Curiosamente, o que ele descobriu – e, a propósito, o modo como avaliamos a qualidade de uma patente é o que chamamos de citações posteriores: Quantas vezes patentes futuras fazem referência a uma patente mais antiga? – ele descobriu algo muito interessante. Os dados mostram que o número de citações posteriores a patentes apresentadas pelos centros de P&D nos EUA é idêntico ao número de citações posteriores a patentes apresentadas pela subsidiária indiana da mesma companhia, dentro da própria companhia. Então, dentro da companhia, não há diferença entre os índices de citações posteriores das subsidiárias indianas e das subsidiárias norte-americanas. Então este é o primeiro tipo de inovação invisível produzida na Índia.
O segundo tipo de inovação invisível produzida na Índia é o que chamamos de externalização da inovação para companhias indianas, no qual muitas companhias atualmente contratam companhias indianas para fazer a maior parte de seu trabalho de desenvolvimento de produtos globais que serão vendidos para o mundo inteiro. Por exemplo, na indústria farmacêutica, muitas moléculas estão sendo desenvolvidas, mas a maior parte deste trabalho está sendo mandada para a Índia. A XCL Technologies, por exemplo, desenvolveu dois dos sistemas críticos para o novo Boeing 787 Dreamliner, um para evitar colisões no ar, e outro para permitir aterrissagem com visibilidade zero. Mas, evidentemente, quando você embarca num Boeing 787, você não vai saber desta inovação invisível produzida na Índia.

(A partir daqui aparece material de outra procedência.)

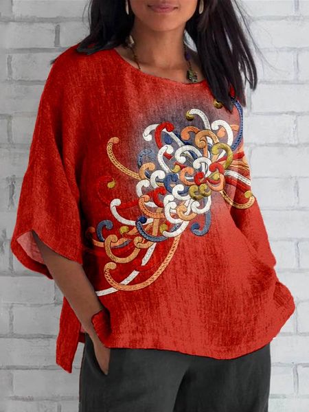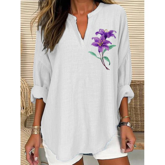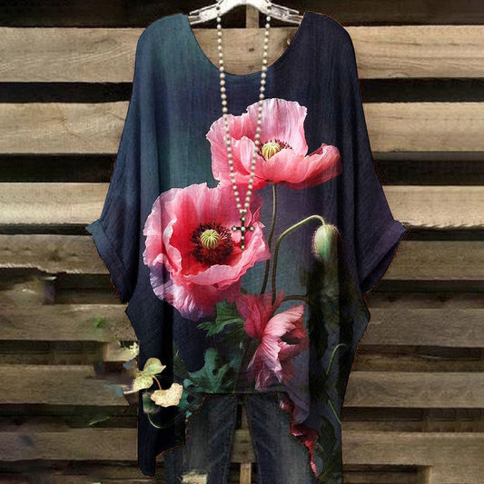 Damski koszula top na co dzień z nadrukiem w czerwone kwiaty 03

O terceiro tipo de inovação invisível produzida na Índia é o que chamamos de inovações de processo, devido a uma injeção de inteligência nas firmas indianas. Inovação de processo é diferente de inovação de produto. Tem a ver com a forma como você cria um produto novo ou desenvolve um produto novo ou manufatura um produto novo, mas não com o produto em si.
Somente na Índia milhões de jovens sonham em trabalhar em um call center. É um trabalho sem qualquer perspectiva no Ocidente, feito por quem abandonou o ensino médio. O que acontece quando você coloca centenas de milhares de jovens inteligentes e ambiciosos num trabalho de call center? Logo eles se cansam, começam a inovar, e começam a dizer ao patrão como fazer melhor aquele trabalho, e dessa inovação de processo surgem inovações de produtos, que são então comercializadas ao redor do mundo.
24/7 Customer, por exemplo, renomada companhia de call center, era uma companhia de call center tradicional. Hoje eles estão desenvolvendo ferramentas analíticas para fazer modelagem preditiva, de forma que antes de atender o telefone, você possa adivinhar ou prever sobre o quê é a chamada. Isso por causa de uma injeção de inteligência em um processo que foi considerado morto por um longo tempo no Ocidente.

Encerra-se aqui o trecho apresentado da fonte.